I think I've had my most difficult week so far. They put me on a project at work with a deadline of April 10th. They hired a temp to help, but I realized early on that even if they hired 10 people and worked us all round the clock, it still wouldn't be done on time. What they are doing is setting up a new and complicated database and my job is to collect the client (company, contacts, addresses, phone number etc) data from the sales reps, enter it, send it back to the rep's for missing data, have them send it back, clean it up, format it, and have it all in the exacting form before it's downloaded into the new data base on April 10. NOT GOING TO HAPPEN! The sales reps are sending my their business cards and I have a card scanner to enter the information. We are talking thousands of business cards here - thousands! One rep alone wanted to send me 2,000 of them, and I'm dealing with 23 sales reps. The information has to be saved in an excel spreadsheet. Well, the business card scanned can't be downloaded into excel so it has to be saved in access and then copied and pasted into excel from there. And the business card scanner doesn't do that great a job. I have to check and amend things in almost every single card. It will pick up postal codes wrong, or it won't pull in the whole company name. The temp is very nice but she doesn't know excel that well and I have to spend time showing her what to do. If I had the luxury of time, I'd be really enjoying it but as it is it's a nightmare!
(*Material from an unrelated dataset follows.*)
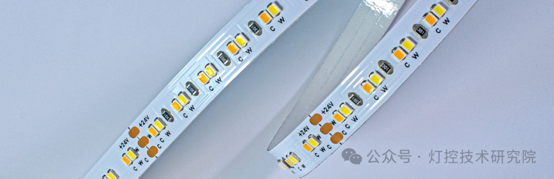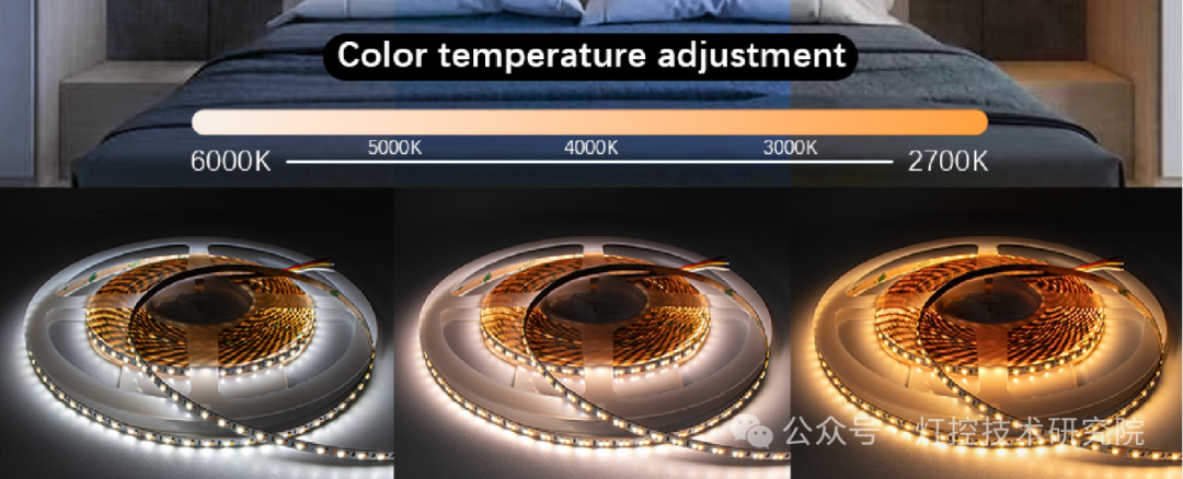 LED双色温灯带是一种结合暖白光(2700K-3000K)和冷白光(6000K-6500K)两种色温LED芯片的照明产品。通过独立调节两路LED的亮度比例,实现色温在2700K至6500K范围内连续变化。 其技术实现主要分两类: 1.双路独立LED组合:暖白与冷白LED交替排列,通过控制器分别调节两路电流,混合生成目标色温。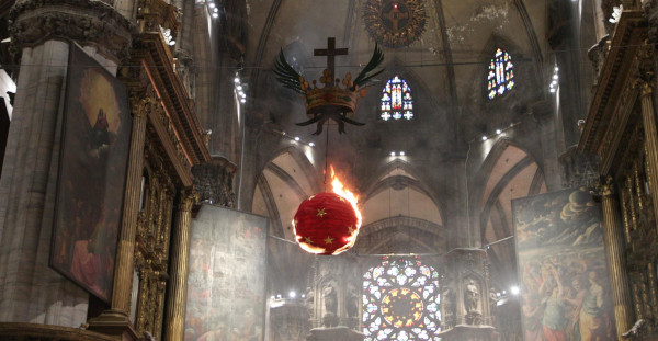 All’epoca durante le celebrazioni più importanti veniva acceso un ‘pharus’, un lampadario con lumi disposti a corona, sopra ai quali era posto un anello di bambagia che, bruciando, trasmetteva il fuoco alle singole lampade. Questo simboleggiava il trionfo e la gloria dei martiri, e nel caso del Duomo di Milano il rito allude al sacrificio della vita da parte della martire Tecla.

I've been working 7:00 am to 4:30 pm every day - non stop. No time for lunch, no time for breaks. I'm lucky to get a chance to pee!
I need to reach the point where I can let go and just accept the fact that they are asking the impossible and it's not going to be done when they want it.
And the situation at home is also very trying. Ron is getting extremely dependant on me and I'm finding that hard to deal with. Every morning when I leave he says he doesn't want me to go to work - he's lonely and will I be home early. So then the guilt hits me.
We had a situation came up on Tuesday and I had to make an emergency call to the home care nurses we have coming in and then had to leave work to come home and deal with it. My oldest son had an appointment to take his driving test that same morning. Ron was originally going to take him but that went out the window. The nurse came and took care of the situation, but Ron was a basket case so I ended up taking our son to his test. He passed and got his license, but all the while I kept thinking of all the work I had to do. I was gone for over four hours - and still ended up working a 44 hour week.
I'm so far behind on emails. I owe all kinds of them, but I'm too tired in the evenings and too busy during the day to send any.
So - I'm tired, I'm cranky, I'm sad, I'm frustrated, I'm scared, I'm feeling guilty and I want it ALL to stop.